Estos compromisos de un comportamiento fiscal mucho más austero figurarán en el Pacto Social que quiere llevar adelante la presidente electa, Cristina de Kirchner. El objetivo es que los sindicalistas reduzcan sus expectativas de aumentos salariales, que los empresarios aflojen con las remarcaciones, pero todo dentro de un compromiso firme del Estado nacional que aportaría lo suyo a través de la austeridad presupuestaria.

  • Artilugios

    No se trata de una apuesta para nada sencilla, considerando que el superávit «real» de este año será de apenas 2,2%. En los números de la Secretaría de Hacienda, de todas maneras, se superará levemente el nivel de 3,15% del Producto comprometido en el Presupuesto para este año, pero con varios artilugios. El más importante es el vinculado con la reforma previsional, ya que el traspaso de afiliados al sistema de reparto generará una caja extraordinaria de no menos de $ 7.000 millones, o sea, prácticamente un punto del PBI. Y a ello se agregará un ingreso adicional por el aumento de las retenciones en lo que queda de noviembre y todo diciembre.

    Estos son otros datos que surgen de la planificación presupuestaria y financiera prevista para lo que resta del año y lo que se está preparandopara el próximo:

  • No se cambiará el Presupuesto 2008 por la suba de las retenciones, pese a que aumentarán considerablemente los ingresos respecto de lo previsto.
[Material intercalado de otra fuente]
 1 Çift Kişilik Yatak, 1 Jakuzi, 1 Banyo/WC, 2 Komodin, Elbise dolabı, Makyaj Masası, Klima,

Por lo tanto, también se mantendrá el superávit comprometido de 3,15%, pero se trabajará desde ahora con una hipótesis de alcanzar un ahorro muy superior.   
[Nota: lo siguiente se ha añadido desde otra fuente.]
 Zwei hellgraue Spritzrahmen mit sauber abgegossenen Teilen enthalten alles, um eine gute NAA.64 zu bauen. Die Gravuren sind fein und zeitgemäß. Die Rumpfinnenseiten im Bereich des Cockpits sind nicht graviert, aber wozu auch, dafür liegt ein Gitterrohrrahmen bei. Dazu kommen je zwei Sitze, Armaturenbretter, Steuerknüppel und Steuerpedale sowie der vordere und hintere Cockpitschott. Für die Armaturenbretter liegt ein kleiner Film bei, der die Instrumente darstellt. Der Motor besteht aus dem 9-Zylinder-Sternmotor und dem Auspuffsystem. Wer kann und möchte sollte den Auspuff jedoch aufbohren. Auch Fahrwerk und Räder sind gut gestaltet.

  • La regla básica que se buscará respetar para 2008 es que el ritmo de aumento de la recaudación debe superar todos los meses al aumento del gasto. Exactamente lo contrario a lo que sucedió durante 2007, con las consecuencias sobre los números fiscales.   
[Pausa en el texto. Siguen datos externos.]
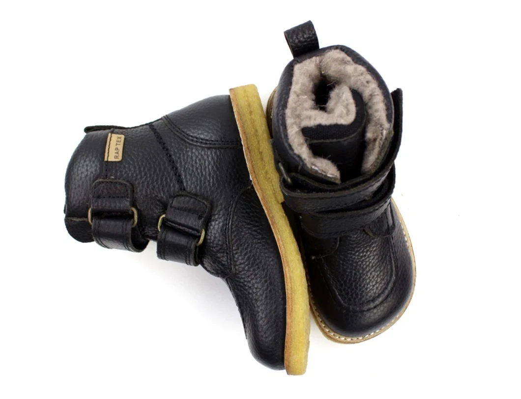 Sort lædervinterstøvle fra Arauto RAP med ægte uldfoer, rågummisåler og TEX-membran.

  • Para cerrar las cuentas a fin de año ya están los recursos disponibles, que surgen de la liquidez acumulada en cuentas de bancos oficiales. La Tesorería tendría unos $ 25.000 millones, divididos en partes iguales entre plazos fijos y cuentas a la vista. Con la caída del riesgo-país tras la victoria de Cristina de Kirchner, se pensó en salir al mercado de deuda, pero la nueva suba del riesgo-país de las últimas jornadas volvió a alejar esta posibilidad. Además, en dos semanas estarán ingresando u$s 350 millones del BID, lo cual también representa un alivio para cubrir los u$s 2.000 millones que vencen el mes próximo.

  • Para el año que viene, Economía apuntará a financiarse a través del mercado de capitales. Hace falta para ello que se tranquilice el contexto externo y dar señales claras de mayor solvencia fiscal. Por supuesto, el manejo del INDEC después del 10 de diciembre es una variable imposible de obviar.

  • El Banco Central está en plena elaboración de su programa monetario, que debería ser presentado dentro de un mes. Una de las novedades es que el gobierno asumirá, a través de la Tesorería y del Banco Nación, un mayor compromiso para defender el tipo de cambio. En los últimos años, la entidad que preside Martín Redrado tuvo que salir casi en soledad a evitar la baja del dólar a través de fuertes compras (salvo el último trimestre, cuando hubo importante salida de divisas). Pero la intención es que también se reduzca la emisión de pesos para sostener el tipo de cambio, acompañando la reducción del gasto.

  • En línea con estas señales, también se buscará acelerar todo lo posible la negociación con el Club de París. En la Casa Rosada aspiran a tener una propuesta lista a fin de año, para que las negociaciones culminen a más tardar sobre el cierre del año próximo. Parece un objetivo demasiado ambicioso, sobre todo por la indefinición que tiene el FMI respecto del rol que ocupará en el proceso.

  • Mientras tanto, Redrado, junto con funcionarios del equipo económico (el secretario de Finanzas, Sergio Chodos, y el jefe de asesores, Javier Alvaredo), participará a fines de la semana próxima de la Cumbre del G-20 en Sudáfrica. Allí tomarán contacto con los representantes económicos de los países más desarrollados para preparar el terreno de una futura negociación.